According to this article on raising and lowering indices on Wikipedia the identity matrix, can be represented as a Kronecker delta metric tensor (of type $(0,2)$), $$\delta_{ij}=\begin{pmatrix}1&0\\0&1\end{pmatrix}=\begin{cases}1 & \text{if} \, i=j \\ 0 &\text{if}\, i\ne j\end{cases}\tag{A}$$
and its' inverse of type $(2,0)$,
$$\delta^{ij}=\left({\delta_{ij}}\right)^{-1}=\begin{pmatrix}1&0\\0&1\end{pmatrix}=\begin{cases}1 & \text{if} \, i=j \\ 0 &\text{if}\, i\ne j\end{cases}\tag{B}$$
are just the $2$d identity matrices.

But how does one interpret a type $(1,1)$ Kronecker tensor metric, $\delta_a^{\,\,b}$?


Here are some examples to put this question into context. Suppose we have a matrix $A_{ij}=\begin{pmatrix}A_{11}&A_{12}\\A_{21}&A_{22}\end{pmatrix}$.

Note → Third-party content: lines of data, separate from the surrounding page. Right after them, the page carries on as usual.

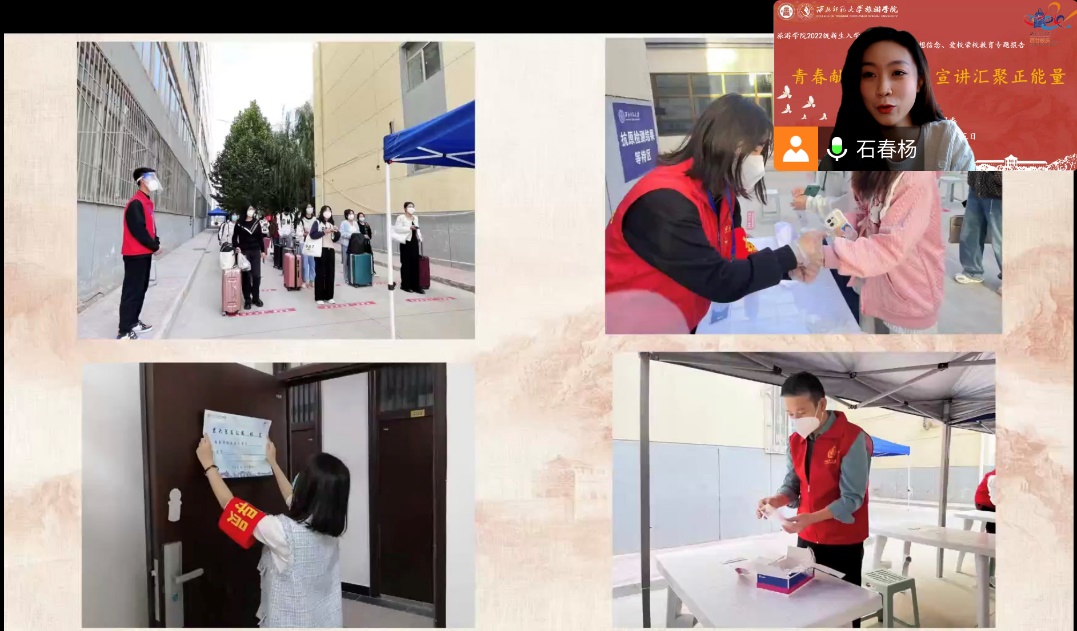 在喜迎党的二十大胜利召开之际,为进一步激发青年学子爱党爱国的强烈热情和奋发有为的昂扬风貌,10月15日188BET金宝搏官网举办2022级新生入学教育之“青春献礼二十大,宣讲汇聚正能量”线上主题宣讲活动,本次活动邀请到188BET金宝搏官网石春杨、梁钰薇、陈蕾三位理论宣讲员为2022级新生做线上主题宣讲,学院党委副书记戴小武老师、全体专职辅导员与2022级全体新生共同参会。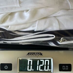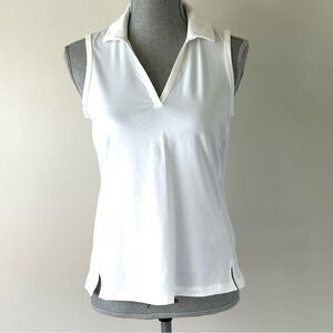 New with tags. Two-piece women’s active set including a white sleeveless collared Tommy Bahama Everyday Active top and a navy-and-white striped athletic skort. The top features a soft performance fabric with a V-neckline, side vents, and a comfortable stretch fit. The matching skort has a flattering A-line cut with horizontal and angled stripes for a sporty, stylish look. Both pieces are new with tags.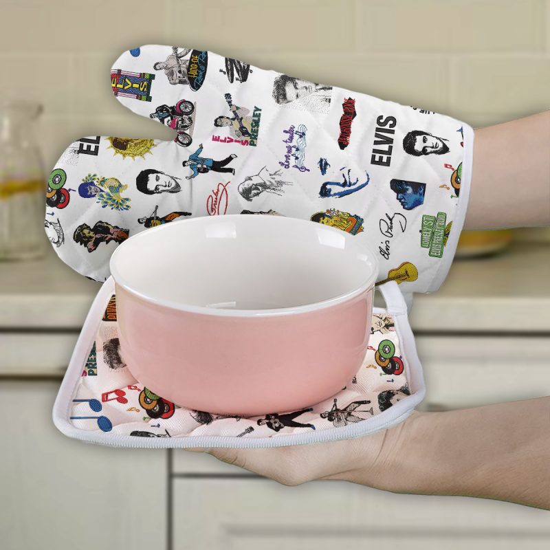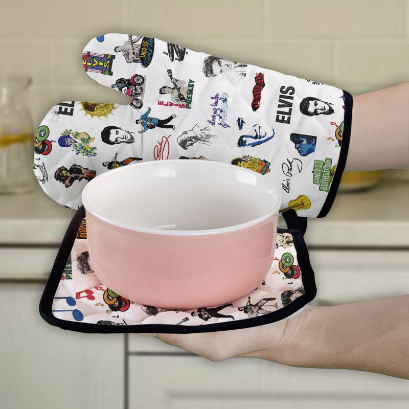 This Combo 2 Oven Mitts and 1 Pot-Holder will make a perfect gift for Elvis Presley fans.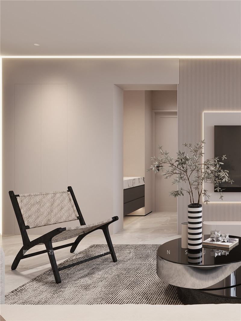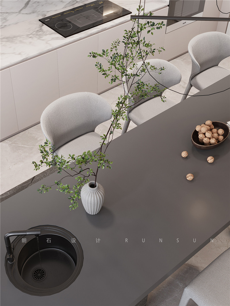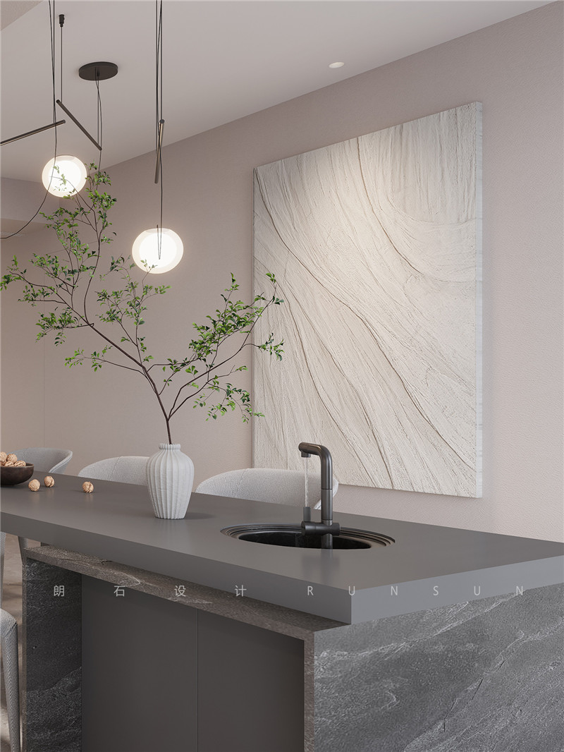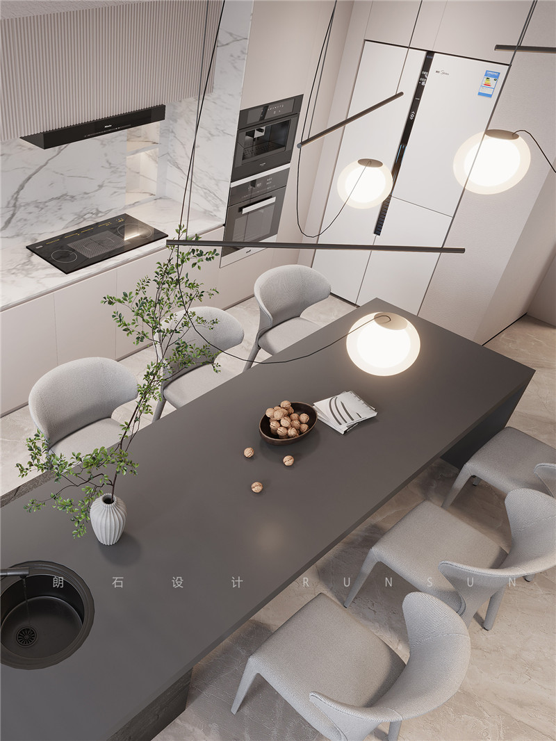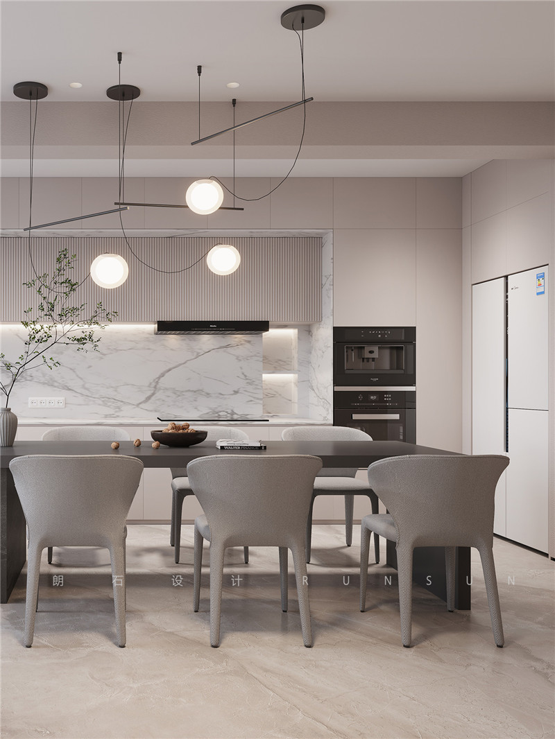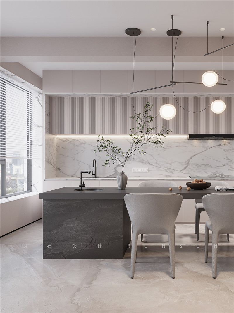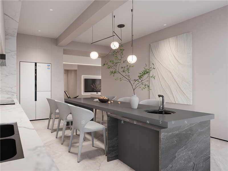 現(xiàn)代山巖質(zhì)感的餐桌連通著水吧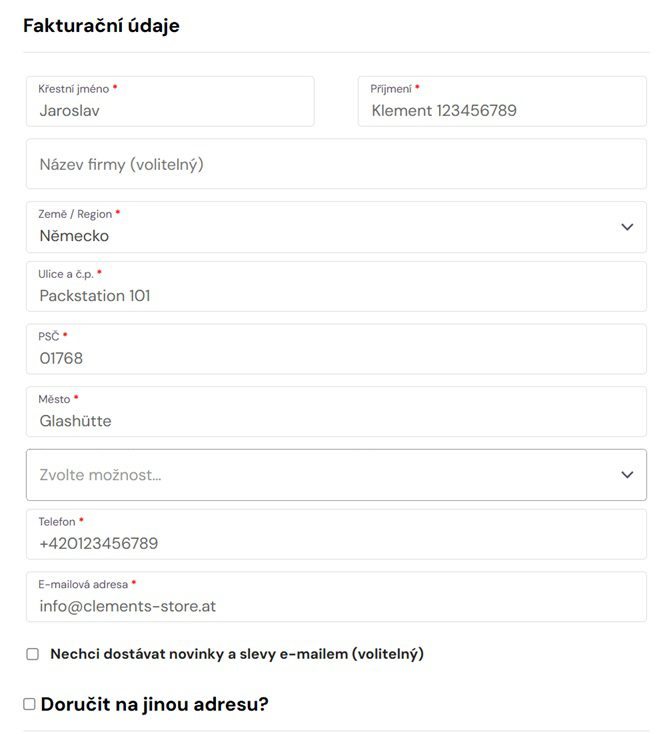 - Nezapomeň nastavit správnou adresu dodání v Rakousku/Německu.

Some of the following are correct expressions for $A_{ij}$:

$$\delta_{ik}A^{k}_{\,\,j}\tag{1}$$
$$\delta_{ik}\delta_{j\ell}A^{k\ell}\tag{2}$$
$$\delta_{k\ell}\delta^{k\ell}A^{ij}\tag{3}$$

$(1)$ is correct (equal to $A_{ij}$) as the dummy index $k$ in the matrix is 'lowered' using the metric. Then according to the definition, $(\mathrm{A})$, $\delta_{ii}=1$ and $k$ is summed upon.

$(2)$ is also correct as

$$\delta_{ik}\delta_{j\ell}A^{k\ell}=\delta_{ik}A^k_{\,\,j}=A_{ij}$$

$(3)$ is not correct as
$$\delta_{k\ell}\delta^{k\ell}A^{ij}=\delta_k^{\,\,k}A^{ij}=\sum_{k=1}^2 \delta_k^{\,\,k}A^{ij}=2A^{ij}\ne A_{ij}\tag{C}$$

In the first equality of $(\mathrm{C})$, I think of this as 'raising' the second index of the first Kronecker metric in $\delta_k^{\,\,k}\delta^{kk}$. Since for a non-zero contribution $\ell=k$, which means $\delta^{kk}=1$, which is fine as this is what equation $(\mathrm{A})$ is telling me to do. So from this it seems like the $\delta_k^{\,\,k}$ is the trace of the matrix given in eqn $(\mathrm{A})$ (or $(\mathrm{B})$).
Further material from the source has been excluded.